Exercise aim:
When you reach the line containing "Keep your little", please repeat it and every line after it exactly, through the end of the listing below, skipping pictures.

═════ Entries supplied ═════

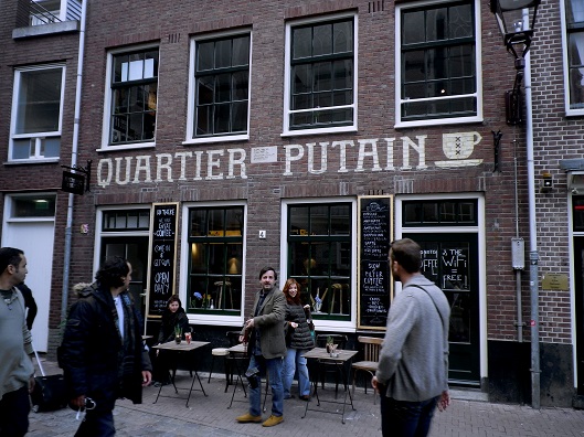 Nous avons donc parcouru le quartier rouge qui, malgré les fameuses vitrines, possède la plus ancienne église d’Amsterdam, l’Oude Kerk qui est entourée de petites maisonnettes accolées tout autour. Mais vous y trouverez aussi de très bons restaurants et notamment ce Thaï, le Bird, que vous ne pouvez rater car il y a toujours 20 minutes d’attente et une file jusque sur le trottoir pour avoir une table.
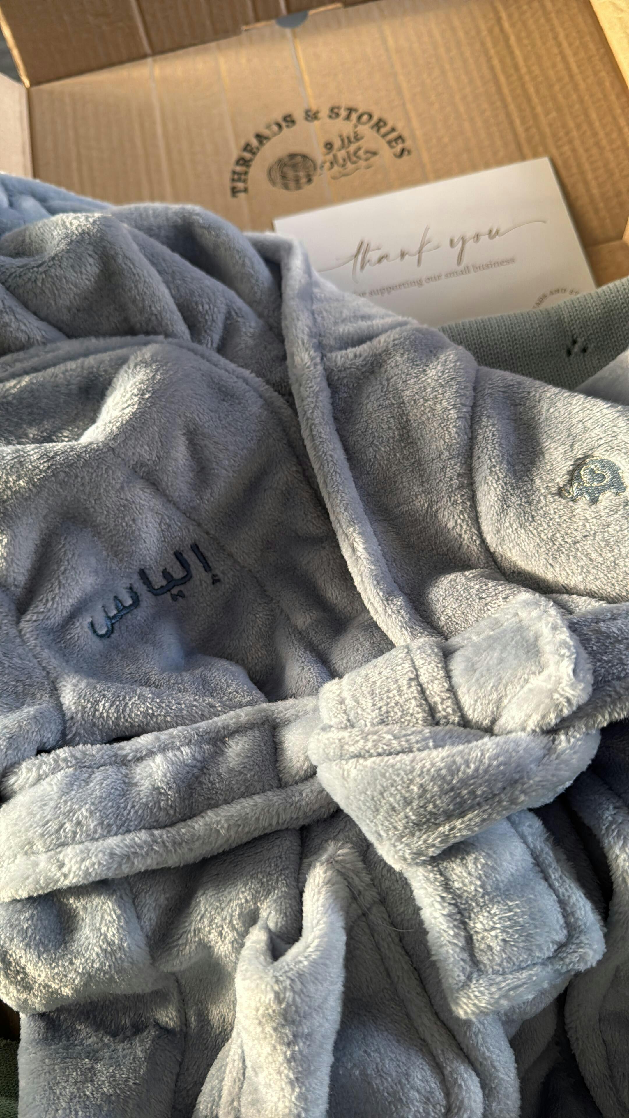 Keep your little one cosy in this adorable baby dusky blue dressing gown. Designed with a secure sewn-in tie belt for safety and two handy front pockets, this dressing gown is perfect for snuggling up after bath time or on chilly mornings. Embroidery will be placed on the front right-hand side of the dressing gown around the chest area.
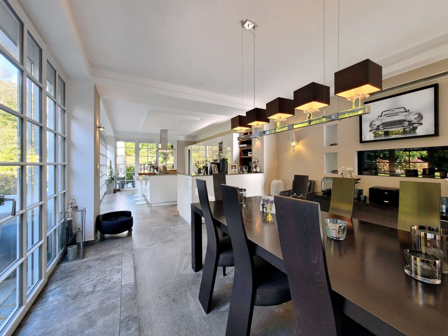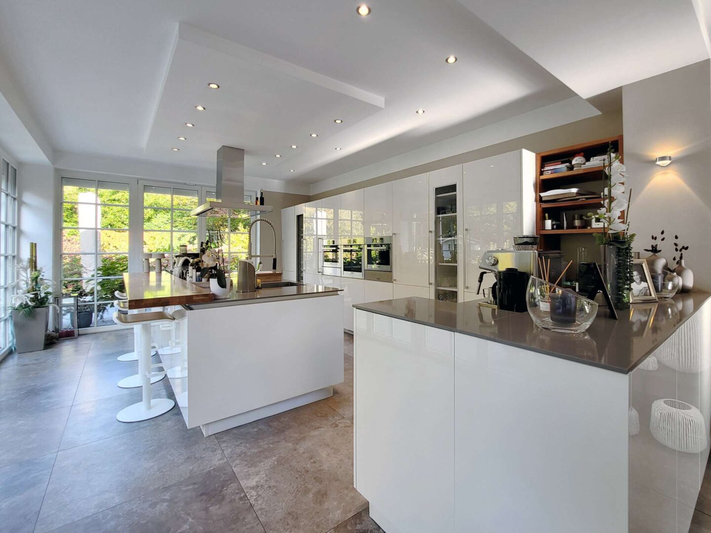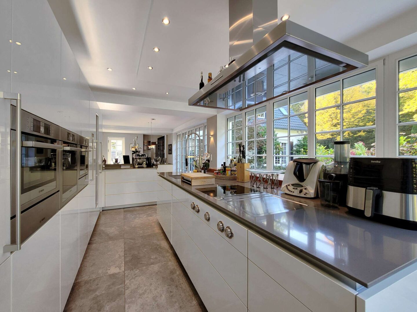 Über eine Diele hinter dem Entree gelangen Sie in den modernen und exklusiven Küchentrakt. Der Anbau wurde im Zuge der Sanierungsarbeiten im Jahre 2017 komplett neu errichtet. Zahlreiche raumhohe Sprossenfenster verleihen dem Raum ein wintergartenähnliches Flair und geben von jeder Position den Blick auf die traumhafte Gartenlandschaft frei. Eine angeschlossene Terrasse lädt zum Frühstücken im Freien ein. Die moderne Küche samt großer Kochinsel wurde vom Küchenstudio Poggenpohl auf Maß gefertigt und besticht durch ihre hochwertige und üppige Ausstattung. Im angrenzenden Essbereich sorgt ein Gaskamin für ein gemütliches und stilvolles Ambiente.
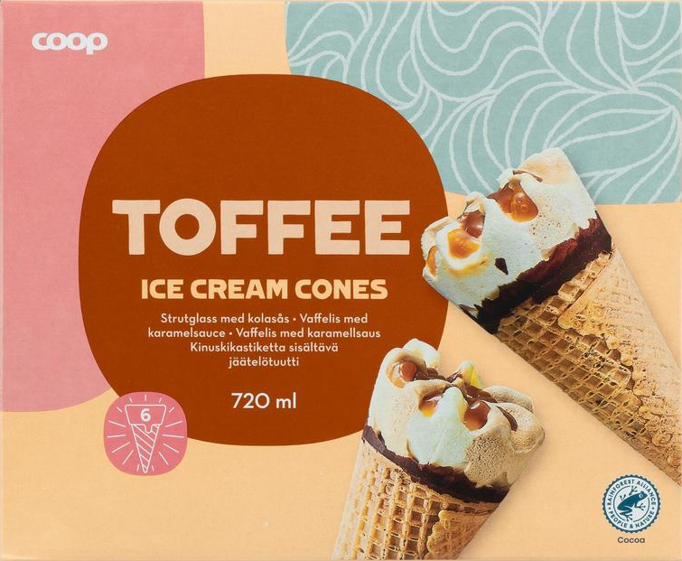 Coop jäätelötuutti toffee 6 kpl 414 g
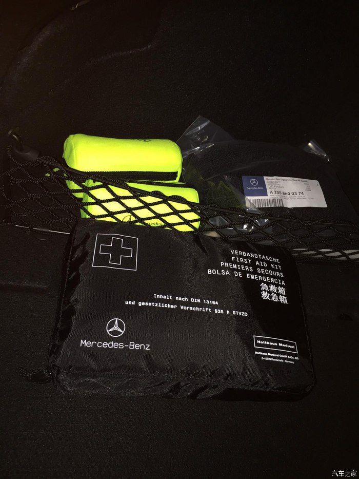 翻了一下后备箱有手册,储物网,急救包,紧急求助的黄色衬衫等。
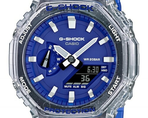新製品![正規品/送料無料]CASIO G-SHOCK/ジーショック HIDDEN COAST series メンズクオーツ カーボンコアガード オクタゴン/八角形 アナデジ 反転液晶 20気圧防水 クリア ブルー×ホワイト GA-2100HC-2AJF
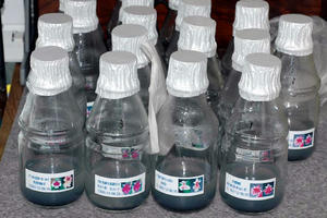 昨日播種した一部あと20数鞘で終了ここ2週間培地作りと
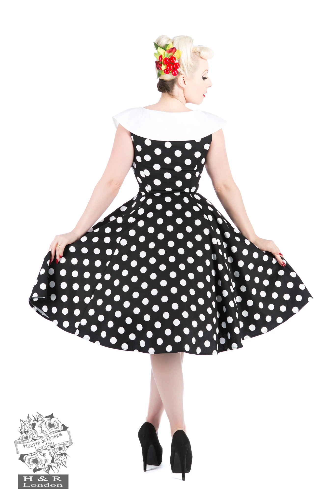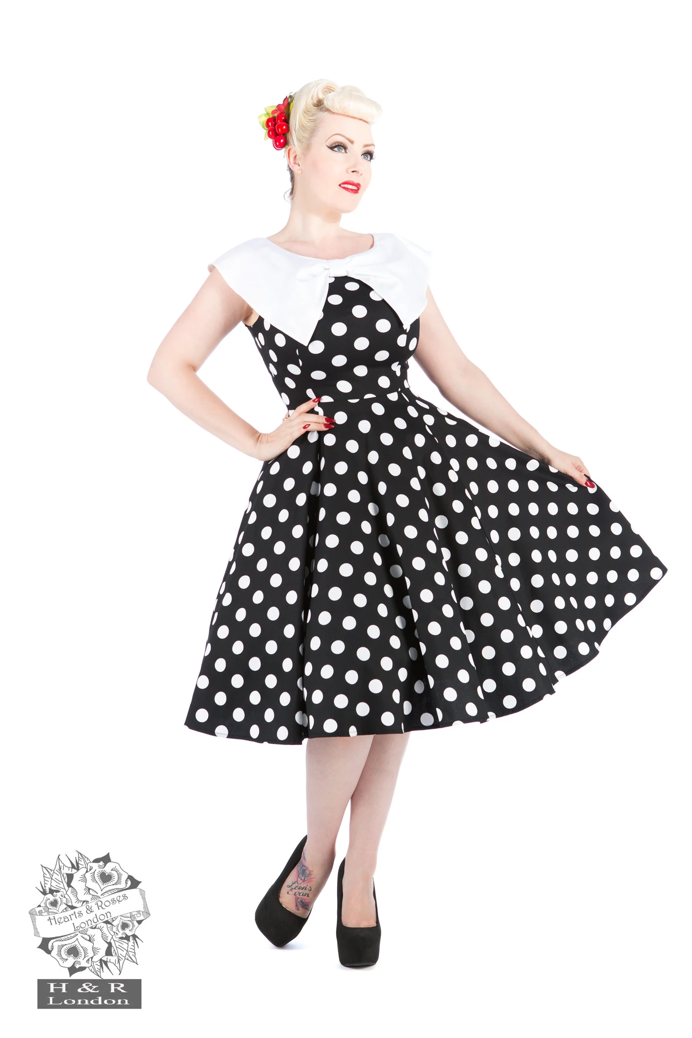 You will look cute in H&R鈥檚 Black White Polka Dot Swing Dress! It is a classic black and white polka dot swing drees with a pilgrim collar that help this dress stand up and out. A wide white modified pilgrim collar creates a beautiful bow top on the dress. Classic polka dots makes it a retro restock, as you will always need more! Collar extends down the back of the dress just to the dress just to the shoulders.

═════

Written solution:
 Keep your little one cosy in this adorable baby dusky blue dressing gown. Designed with a secure sewn-in tie belt for safety and two handy front pockets, this dressing gown is perfect for snuggling up after bath time or on chilly mornings. Embroidery will be placed on the front right-hand side of the dressing gown around the chest area.
 Über eine Diele hinter dem Entree gelangen Sie in den modernen und exklusiven Küchentrakt. Der Anbau wurde im Zuge der Sanierungsarbeiten im Jahre 2017 komplett neu errichtet. Zahlreiche raumhohe Sprossenfenster verleihen dem Raum ein wintergartenähnliches Flair und geben von jeder Position den Blick auf die traumhafte Gartenlandschaft frei. Eine angeschlossene Terrasse lädt zum Frühstücken im Freien ein. Die moderne Küche samt großer Kochinsel wurde vom Küchenstudio Poggenpohl auf Maß gefertigt und besticht durch ihre hochwertige und üppige Ausstattung. Im angrenzenden Essbereich sorgt ein Gaskamin für ein gemütliches und stilvolles Ambiente.
 Coop jäätelötuutti toffee 6 kpl 414 g
 翻了一下后备箱有手册,储物网,急救包,紧急求助的黄色衬衫等。
新製品![正規品/送料無料]CASIO G-SHOCK/ジーショック HIDDEN COAST series メンズクオーツ カーボンコアガード オクタゴン/八角形 アナデジ 反転液晶 20気圧防水 クリア ブルー×ホワイト GA-2100HC-2AJF
 昨日播種した一部あと20数鞘で終了ここ2週間培地作りと
 You will look cute in H&R鈥檚 Black White Polka Dot Swing Dress! It is a classic black and white polka dot swing drees with a pilgrim collar that help this dress stand up and out. A wide white modified pilgrim collar creates a beautiful bow top on the dress. Classic polka dots makes it a retro restock, as you will always need more! Collar extends down the back of the dress just to the dress just to the shoulders.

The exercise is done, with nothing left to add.